Records from a collection:
+-------+

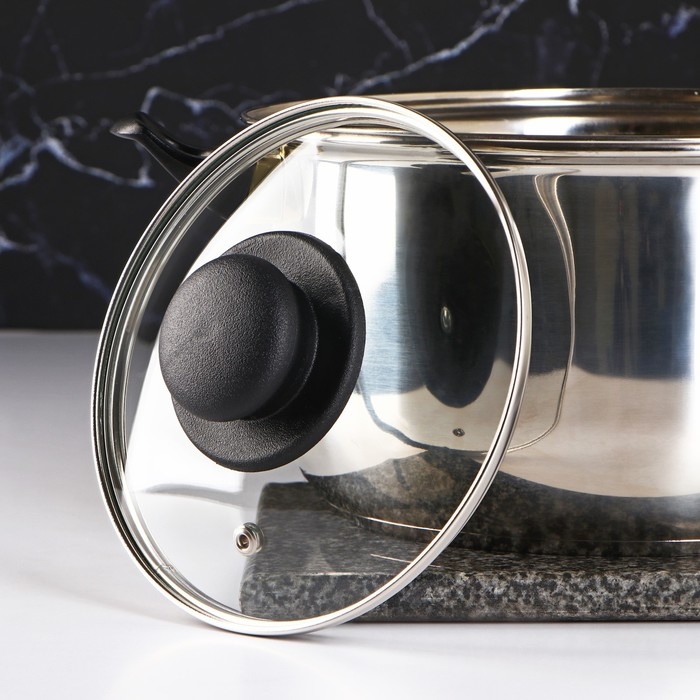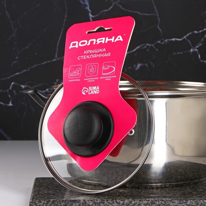 Крышка стеклянная для сковороды и кастрюли «Доляна», d=16 см, нержавеющий обод, пластиковая ручка
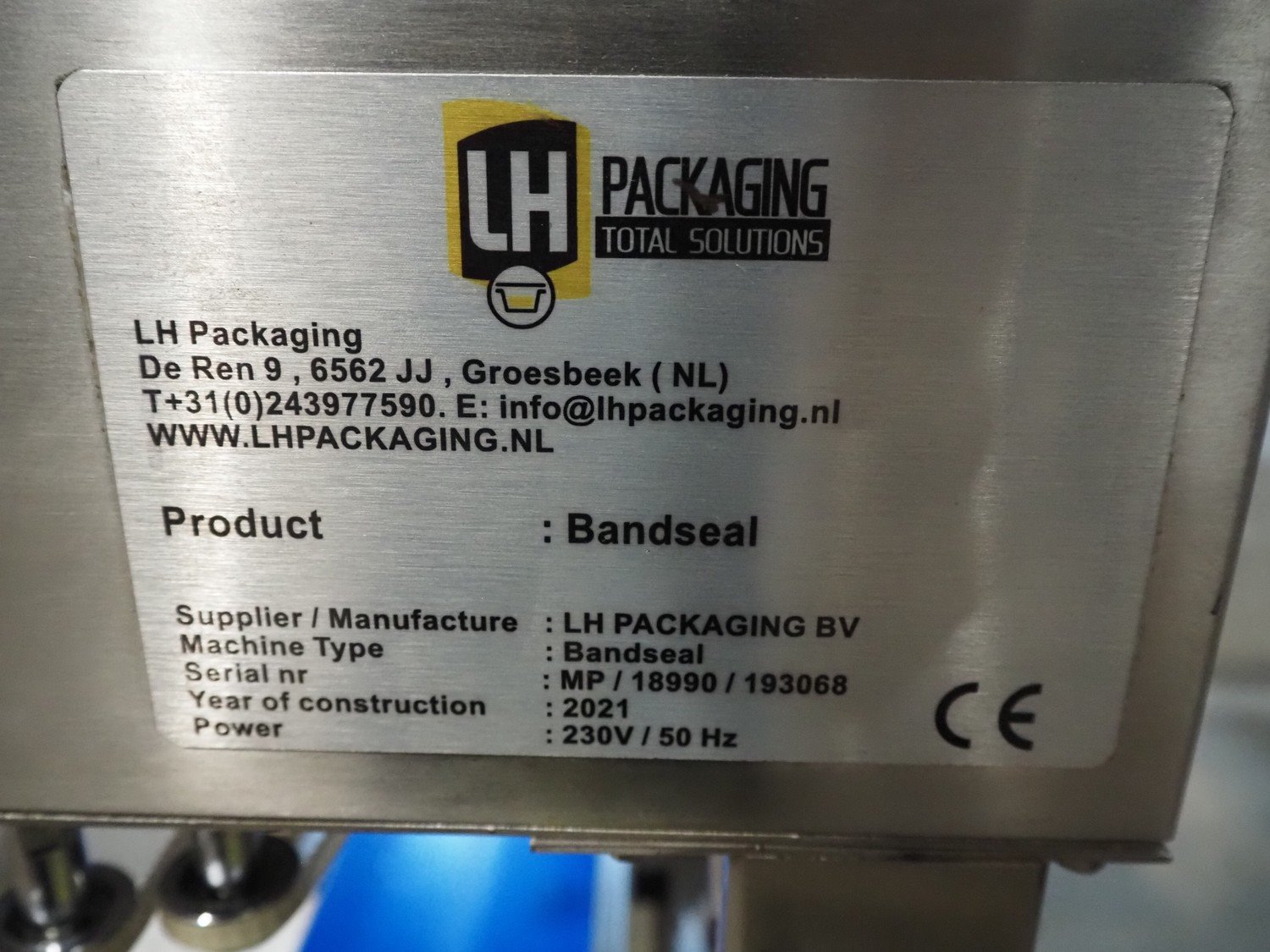 LH packaging bag sealer, type: Bandseal, serial number: MP/18990/193068, year of construction: 2021, 230 V, 50 Hz, seal length: 230 mm, plastic belt, belt width: 160 mm, total dimensions: 840 mm x 400 mm x 600 mm. Kavel locatie: Amfoor 6, 4421 SE Kapelle, Nederland
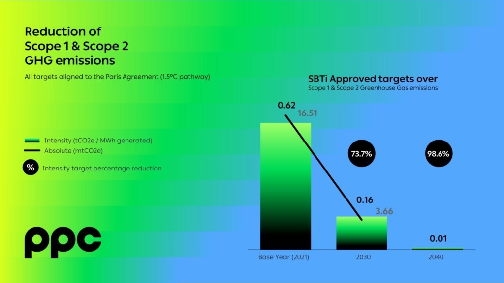 Το SBTi έκρινε ότι οι στόχοι μείωσης των εκπομπών αερίων του θερμοκηπίου που κατέθεσε ο Όμιλος ΔΕΗ βρίσκονται σε πλήρη ευθυγράμμιση με τον στόχο του 1,5°C, σύμφωνα με τη Συμφωνία του Παρισιού, και την επίτευξη πλήρους κλιματικής ουδετερότητας σε ολόκληρη την αλυσίδα αξίας μέχρι το 2040.
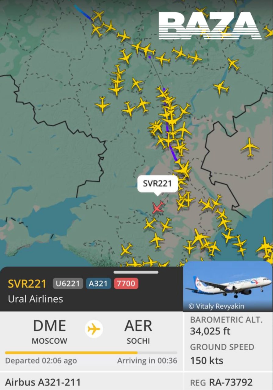 Самолет «Уральских авиалиний» Airbus A321, выполняющий рейс Москва – Сочи, предварительно, передал код о серьёзном происшествии на борту (код 7700). Судя по сервису Flightradar, самолет летит со скоростью около 280 км/ч — непривычно мало для высоты в 10 000 метров. При этом данные с сервиса порой отображаются неправильно. ❗ Подписывайтесь, это Baza
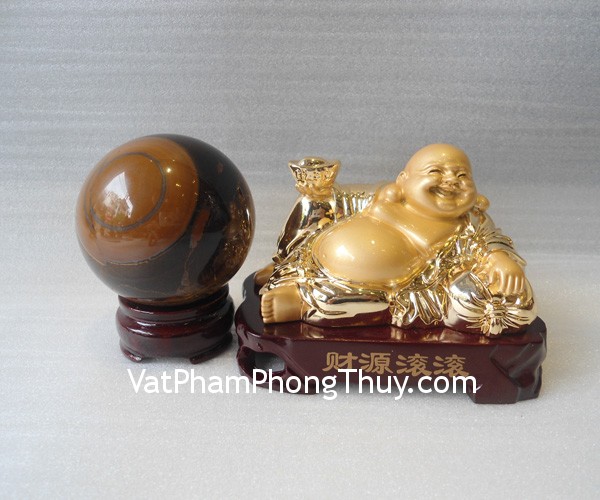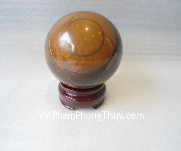 + Chất liệu và hoàn thiện: Quả cầu phong thủy đá mắt mèo vân gỗ (tại Việt Nam).
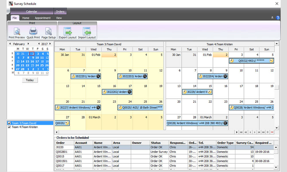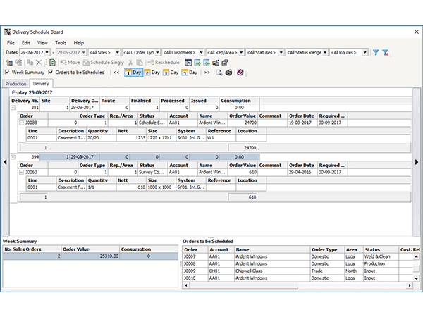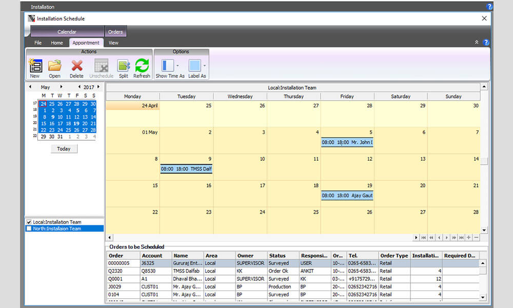 • Windowmaker Scheduling enables you to take full control over all the operations – Survey, Purchase, Production, Delivery and Installation – by maintaining compatible schedules for each.
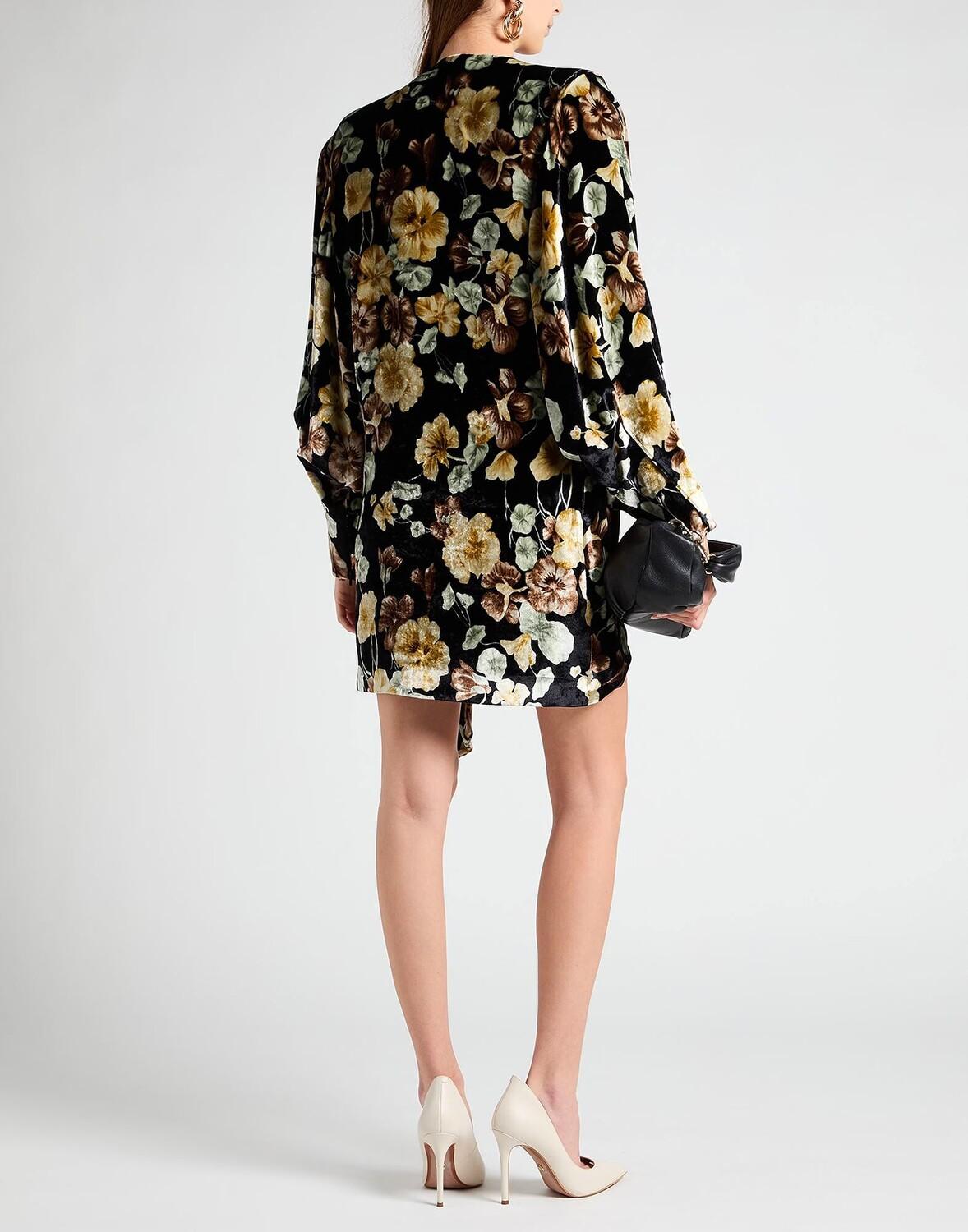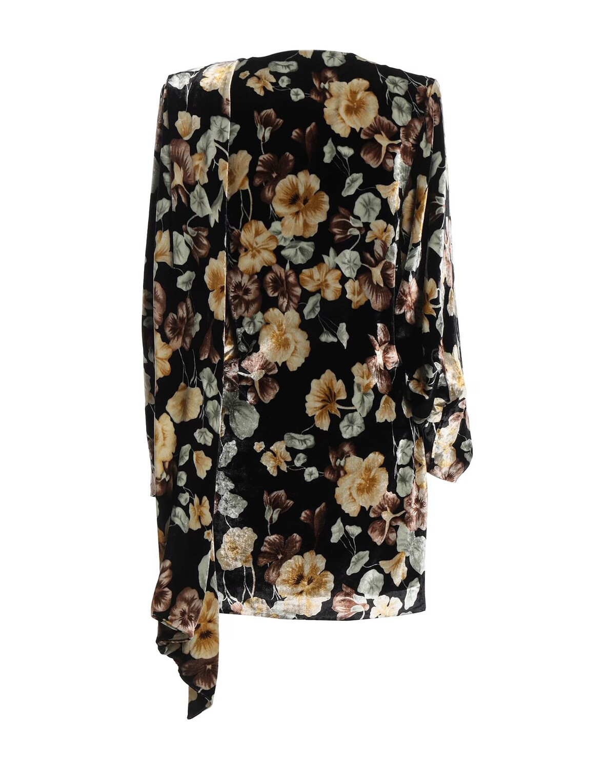 Бархат, без аппликаций, цветочный принт, круглый вырез, длинные рукава, подплечники, внутри на подкладке, застежка-молния, без карманов, химчистка, не отбеливать, не сушить в стиральной машине, платье-клеш
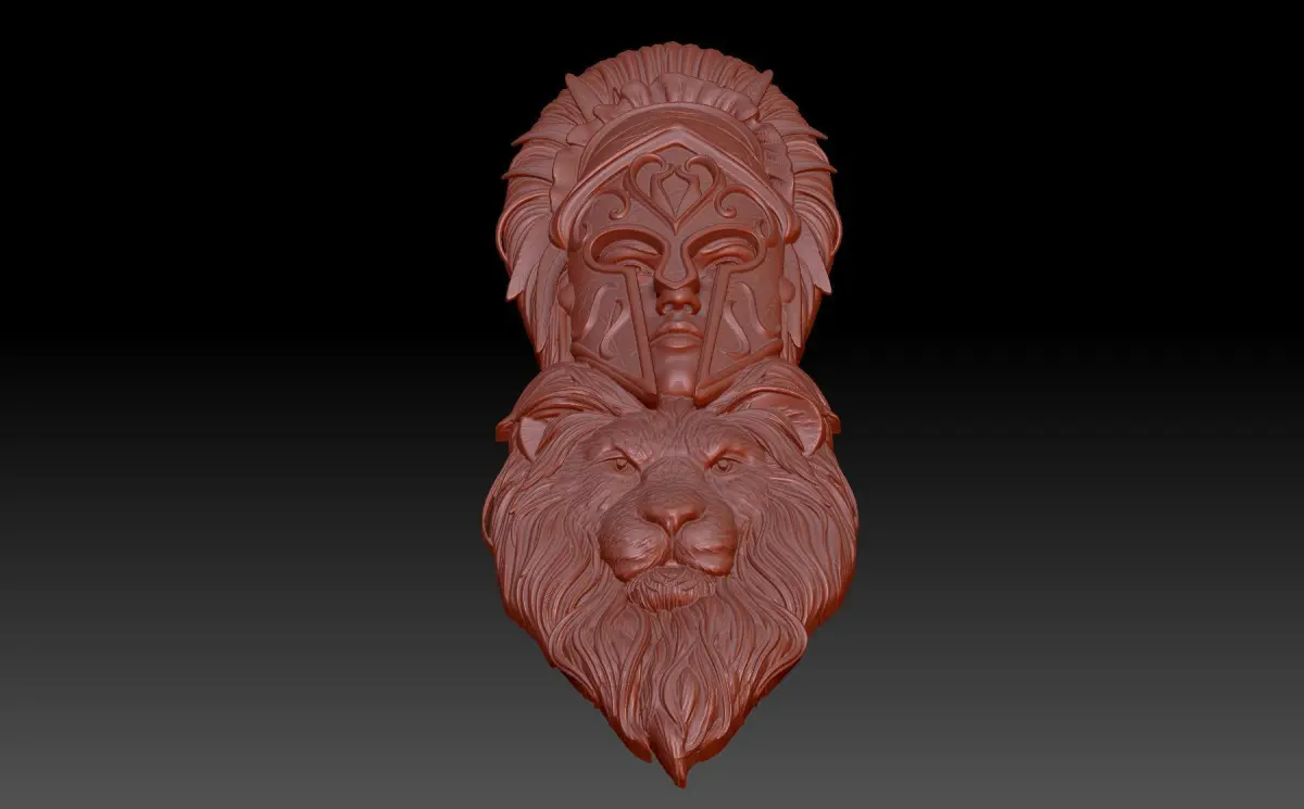 A 3D model of a bas-relief depicting a beautiful and expressive work - a girl and a lion. A warrior girl in a helmet, a lion as a symbol of strength and courage. The work is suitable for 3D printing and CNC machine tools.
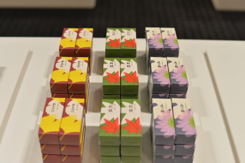 これまで赤坂店の売り場は1階だったのですが、 こんどの売り場は2階になりました。 おなじみの羊羹から季節の生菓子まで、 これまでのとらやのおいしいものが 変わらず並んでいます。 赤坂店限定のお菓子もありますよ。
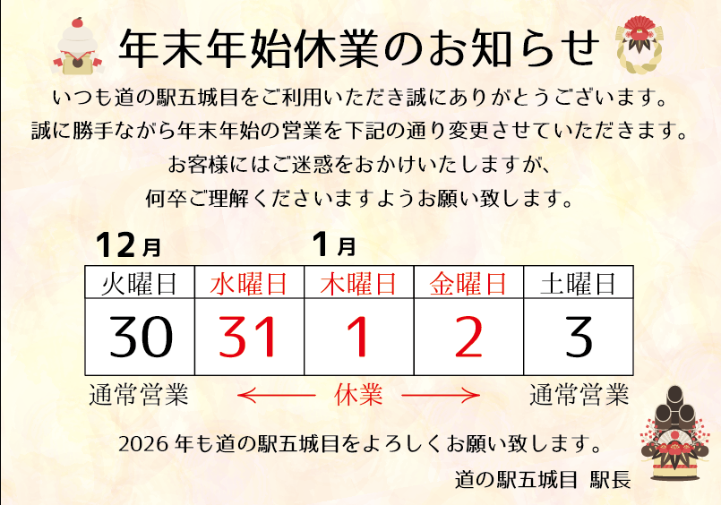 今年も道の駅五城目をご利用いただき誠に ありがとうございます。 誠に勝手ながら、 12月31日(水)から1月2日(金)まで休業 とさせていただきます。 お客様には大変ご迷惑をおかけいたしますが、 ご了承くださいますようお願い申し上げます。 尚、道の駅側24時間トイレはご利用できますので お立ち寄りください。 2026年も道の駅五城目を どうぞよろしくお願い致します。

+-------+

§ **ABOUT THIS TASK**: For this exercise, return exactly the lines above from the line with "Το SBTi έκρινε" through the line with "Бархат, без аппликаций, цветочный", both included. Do not copy the pictures.

§ **TASK ANSWER**:
 Το SBTi έκρινε ότι οι στόχοι μείωσης των εκπομπών αερίων του θερμοκηπίου που κατέθεσε ο Όμιλος ΔΕΗ βρίσκονται σε πλήρη ευθυγράμμιση με τον στόχο του 1,5°C, σύμφωνα με τη Συμφωνία του Παρισιού, και την επίτευξη πλήρους κλιματικής ουδετερότητας σε ολόκληρη την αλυσίδα αξίας μέχρι το 2040.
 Самолет «Уральских авиалиний» Airbus A321, выполняющий рейс Москва – Сочи, предварительно, передал код о серьёзном происшествии на борту (код 7700). Судя по сервису Flightradar, самолет летит со скоростью около 280 км/ч — непривычно мало для высоты в 10 000 метров. При этом данные с сервиса порой отображаются неправильно. ❗ Подписывайтесь, это Baza
 + Chất liệu và hoàn thiện: Quả cầu phong thủy đá mắt mèo vân gỗ (tại Việt Nam).
 • Windowmaker Scheduling enables you to take full control over all the operations – Survey, Purchase, Production, Delivery and Installation – by maintaining compatible schedules for each.
 Бархат, без аппликаций, цветочный принт, круглый вырез, длинные рукава, подплечники, внутри на подкладке, застежка-молния, без карманов, химчистка, не отбеливать, не сушить в стиральной машине, платье-клеш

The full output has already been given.